No final da semana passada o país ficou a conhecer
a solução milagrosa engendrada pelo Governo para o dossiê RTP. A intenção de
fechar a RTP2 e de concessionar todos os outros canais de rádio e de televisão
a uma entidade privada, anunciada na passada quinta-feira com estrépito por
António Borges num canal da concorrência, parece constituir o plano predileto
de Relvas &. Cia para, na ótica do Governo, libertar o Orçamento Geral do Estado
dos encargos inerentes a um serviço público de rádio e televisão. Contudo, esta
proposta surge como a que melhor responde aos vários interesses em jogo. Em primeiro
lugar, os do Governo. Ao encerrar o canal que mais se aproximava de uma certa
ideia de serviço público (ver post Não
ao fim da RTP2!) mantendo no ar RTP1 onde persistem
programas do calibre de um O preço Certo em Euros, garante-se a
existência de um canal com a audiência necessária para servir de correia de
transmissão para a propaganda do Governo e de passerelle para os seus ministros.
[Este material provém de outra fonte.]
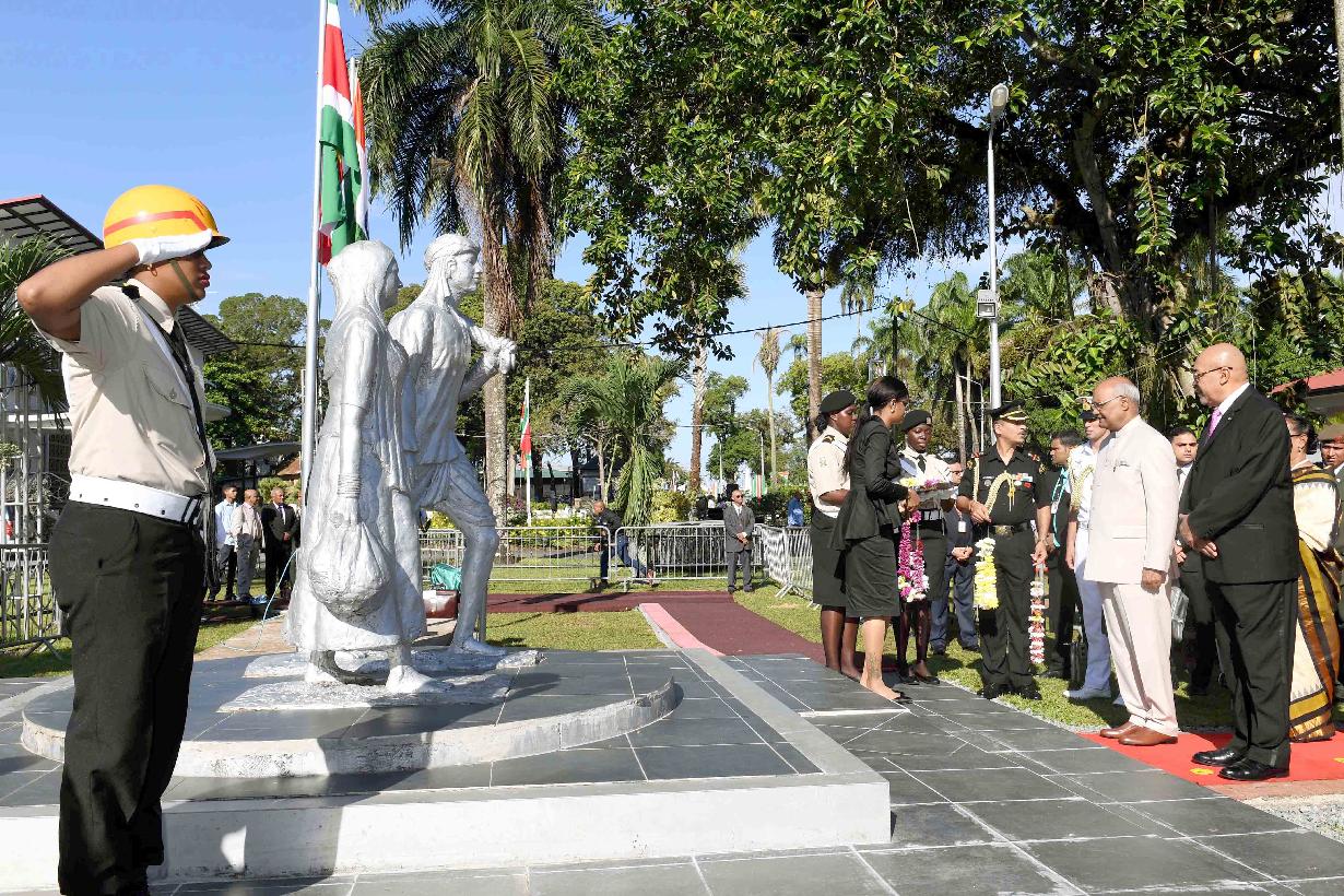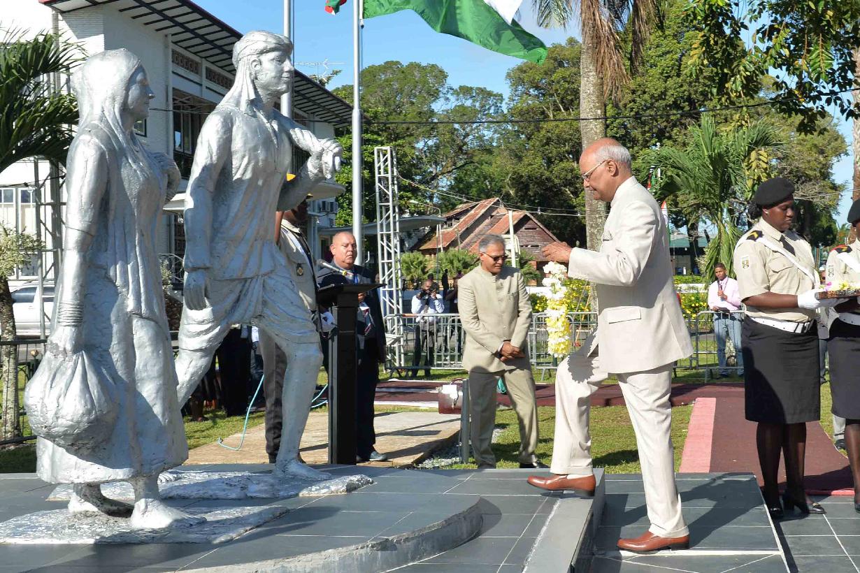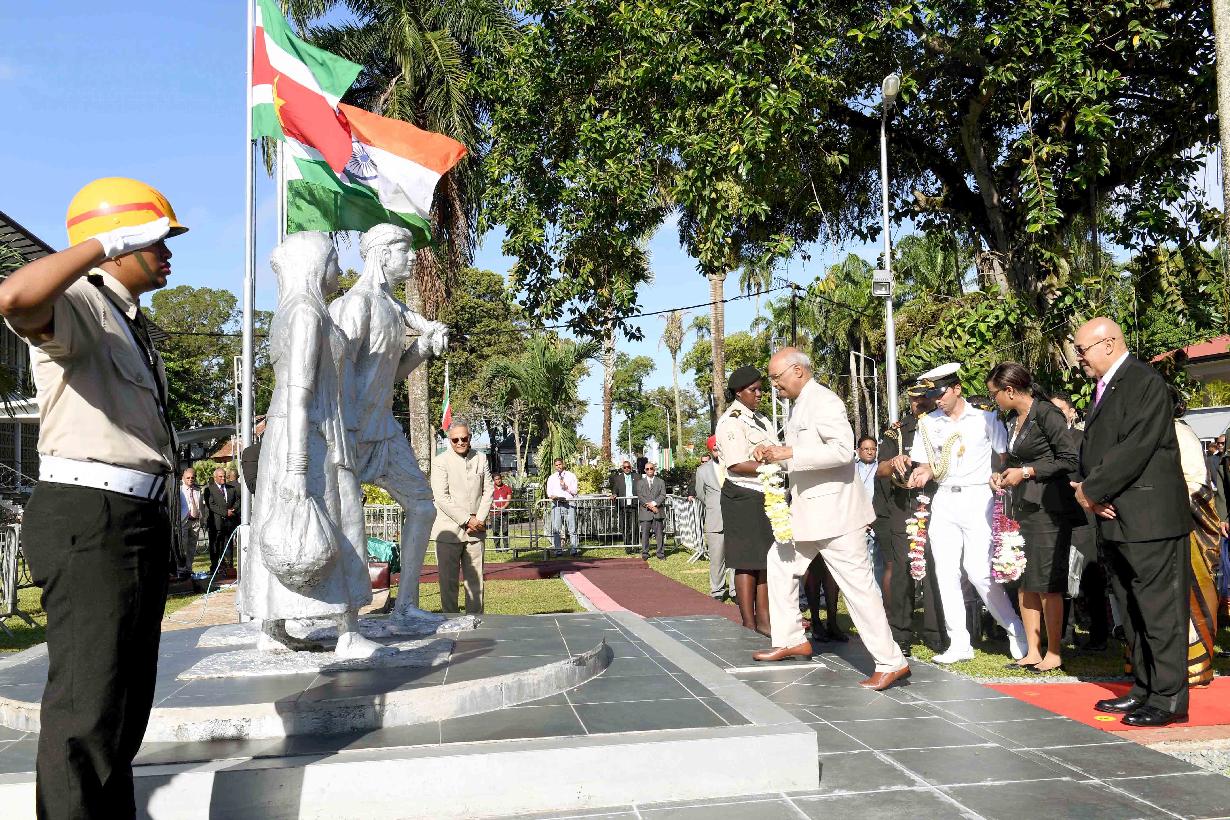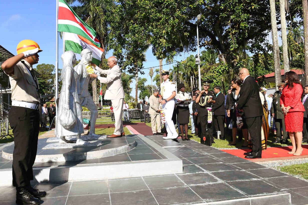 | Caption: | The President of India, Shri Ram Nath Kovind garlanding the Statues of Baba and Mai (the symbolic memorial of the arrival of Indian immigrants in Suriname in 1873), in Suriname on June 20, 2018. |
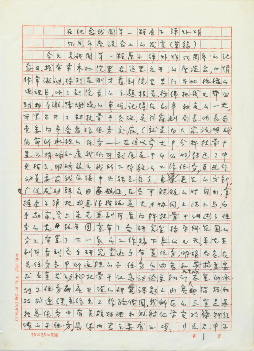 胡仁宇在纪念我国第一颗原子弹爆炸50周年座谈会上的发言(第一页)来源丨中国科学家博物馆
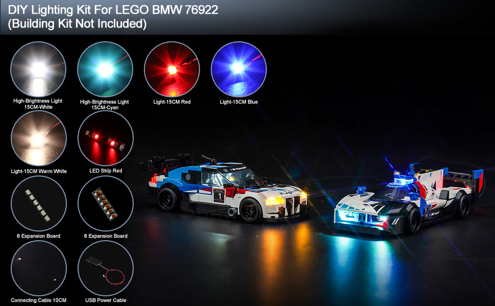 • BrickBling Light Kit for LEGO Speed Champions BMW M4 GT3 & BMW M Hybrid V8 Race Cars 76922
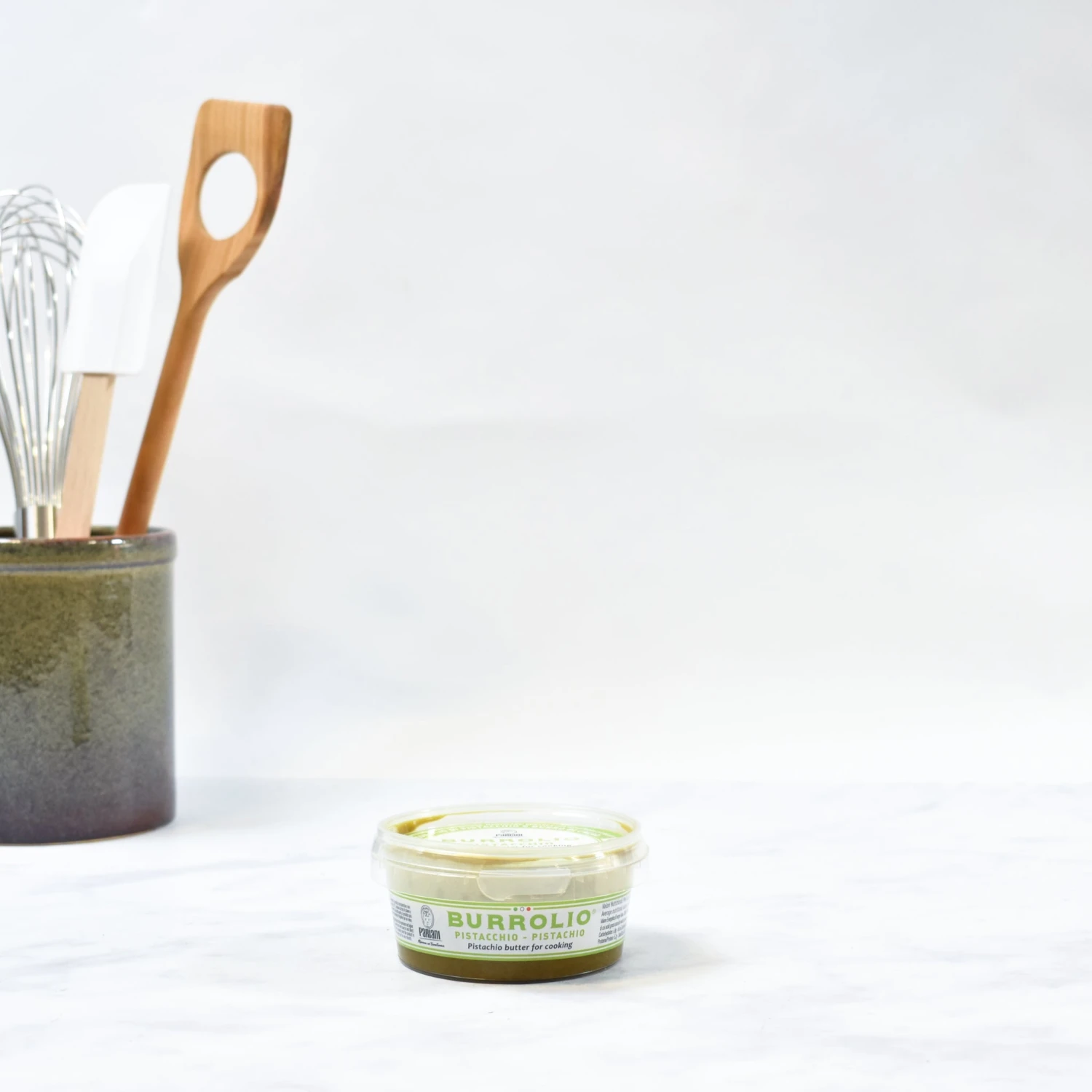 Pariani Burrolio pistachio butter is a natural vegan alternative to butter and cooking fats with a distinctive pistachio flavour. The spread is made from just two ingredients: pistachios and cocoa butter. The texture is just like dairy butter, but is dairy-free, gluten free, lower in cholesterol and has a great pistachio flavour.
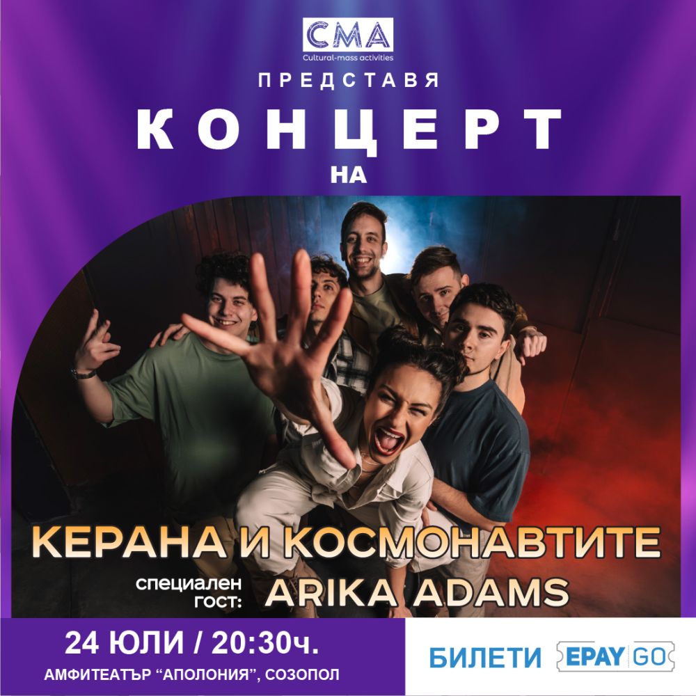 На 24 юли на сцената излизат Керана и космонавтите – една от най-свежите и енергични банди в съвременната българска сцена. Те ще бъдат в компанията на Arika Adams, която ще добави нов колорит към вечерта със своя дълбок и чувствен глас.
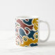 White mug decorated with a screenprinted pattern of seaweed.
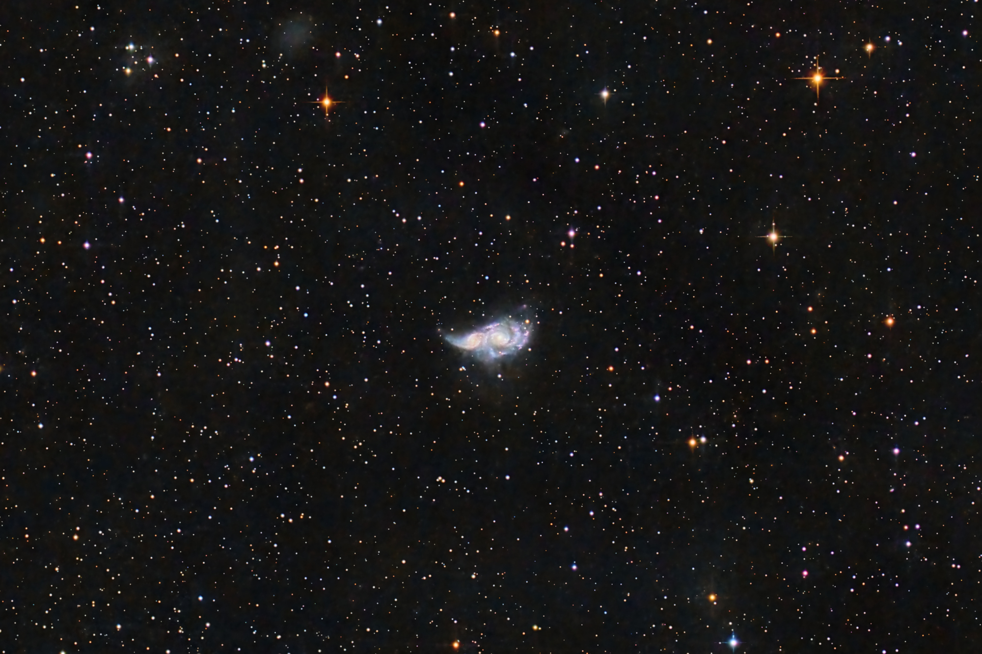 PixInsight(PI)でバイアス・フラット補正、コンポジット、RGB変換、2×drizzle、PIでBlurXTerminator、NoiseXTerminator、ストレッチ(MAS)、StarXTerminatorで星雲強調処理、仕上げはAffinity Photo2を利用
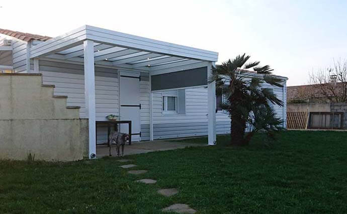 Sa toiture peut se décliner avec plusieurs types de matériaux, mais compte tenu de la faible pente de sa toiture, nous vous conseillons du polycarbonate opale Athermique ou du simple vitrage feuilleté opale.
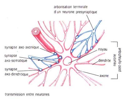 Les synapses gardent la mémoire des commandes d' actions qui ont transitées par elles . De cette manière, une commande identique repassera par le même chemin efférent. A la longue l'action pourra se perfectionner grâce à l'expérience acquise et à la "mémoire" des synapses (apprentissage de l'écriture, de la conduite etc...)

Por outro lado, a extinção da RTP2, e não a sua privatização, como tinha sido
prometido pelo PSD, assegura aos operadores privados atualmente no terreno que
tudo se mantem como está na luta pelo mercado publicitário, sem a intromissão
de mais um jogador. Desta forma, as tomadas de posição de Balsemão e Pais do
Amaral, patrões da SIC e TVI, respetivamente, contra a privatização da RTP não
caem em saco roto. Por último, o grupo privado a quem for atribuída a concessão
dos canais de rádio e televisão vê canalizadas, diretamente para os seus bolsos,
as receitas provenientes da contribuição audiovisual paga pelos portugueses
através das faturas da eletricidade e que hoje são fatia importante do
financiamento da rádio e televisão públicas. Para além de determinar quem
acede, e em que condições, ao tal mercado audiovisual, o Governo ainda garante
uma renda fixa ao grupo empresarial que ganhar a concessão. Os consumidores de
eletricidades serão chamados a financiar uma empresa privada ao abrigo de um
contrato de concessão do serviço público quando existem outras empresas
privadas a operar em canal aberto e sem recurso a essas receitas. Tal arranjo é
a demonstração plena de como é falsa a formulação segundo a qual o capitalismo
significa livre concorrência num mercado sem regras definidas pelo Estado. Ao
optar por este expediente, o Governo regula o mercado no sentido de manter
intactas as fontes de receita dos atuais operadores privados e restringe a
entrada no mercado audiovisual a uma empresa que não fará qualquer investimento
em novas infraestruturas e que, afirmou António Borges, terá carta-branca para
despedir trabalhadores. Esta opção política mostra-nos um Governo protetor de
empresários avessos ao risco e que tudo investem em relações políticas
privilegiadas com os partidos do bloco central. Sem qualquer proteção ficam os
trabalhadores ameaçados de despedimento e os consumidores de eletricidade,
sujeitos a aumentos de monta nas faturas, e agora prováveis financiadores
involuntários de empresas privadas ociosas.